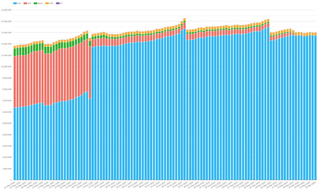 Both charts 2a and 2b show that a population of IRS remained after conversion and cessation until near the end of September. We can assume this was category 2 trades (with fixings only before cessation) running to maturity. Thus, the CAD swaps transition target state, limited to OI in only CORRA OIS and CORRA VNS, was reached by the end of September 2024.
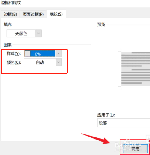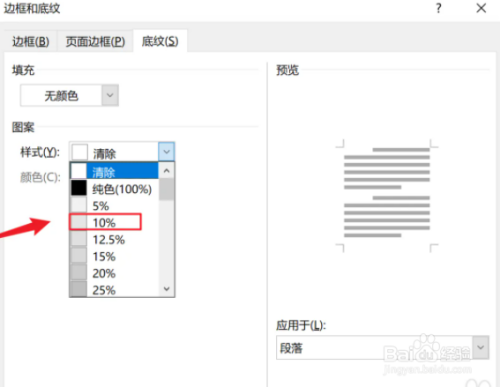 选择样式,在图案样式下拉选项中,点击【图案样式10%】。
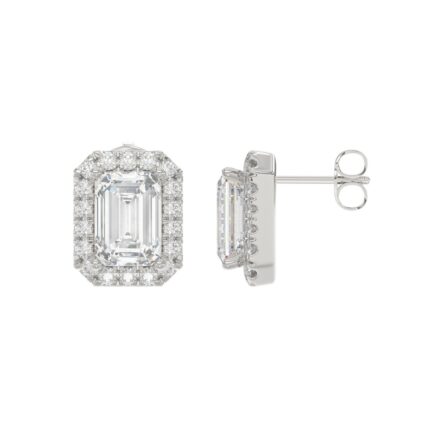 LADIES STUD EARRINGS 3 1/2CT EMERALD/ROUND DIAMOND 14K WHITE GOLD
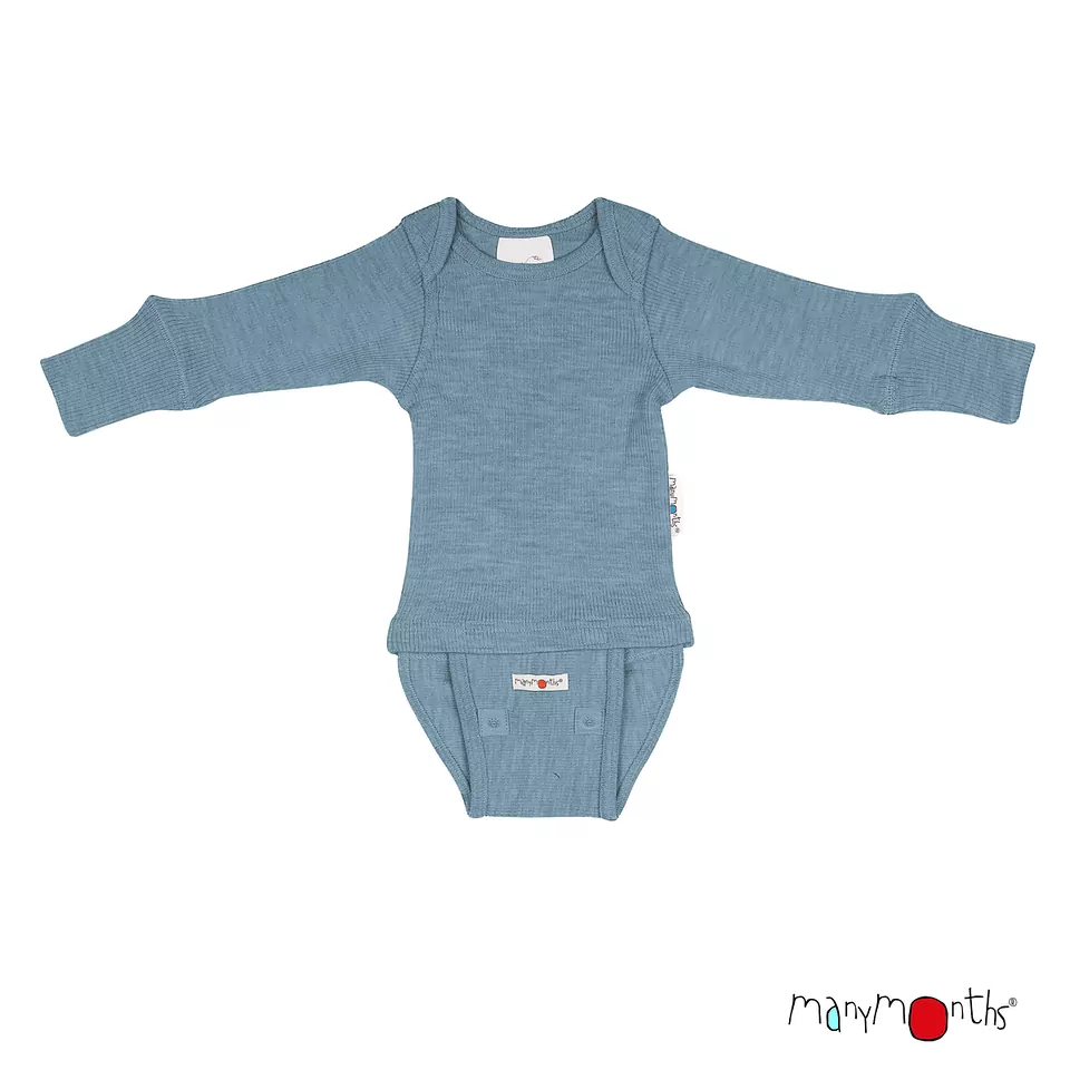 Merino body/tričko ManyMonths s dlouhým rukávem - Blue Mist.
--------------------------------
## Work task
Each line from the one containing "选择样式,在图案样式下拉选项中,点击【图案样式10%】。" through the end of the listing is to be set down exactly, with all pictures left out.

## Task response
 选择样式,在图案样式下拉选项中,点击【图案样式10%】。
 LADIES STUD EARRINGS 3 1/2CT EMERALD/ROUND DIAMOND 14K WHITE GOLD
 Merino body/tričko ManyMonths s dlouhým rukávem - Blue Mist.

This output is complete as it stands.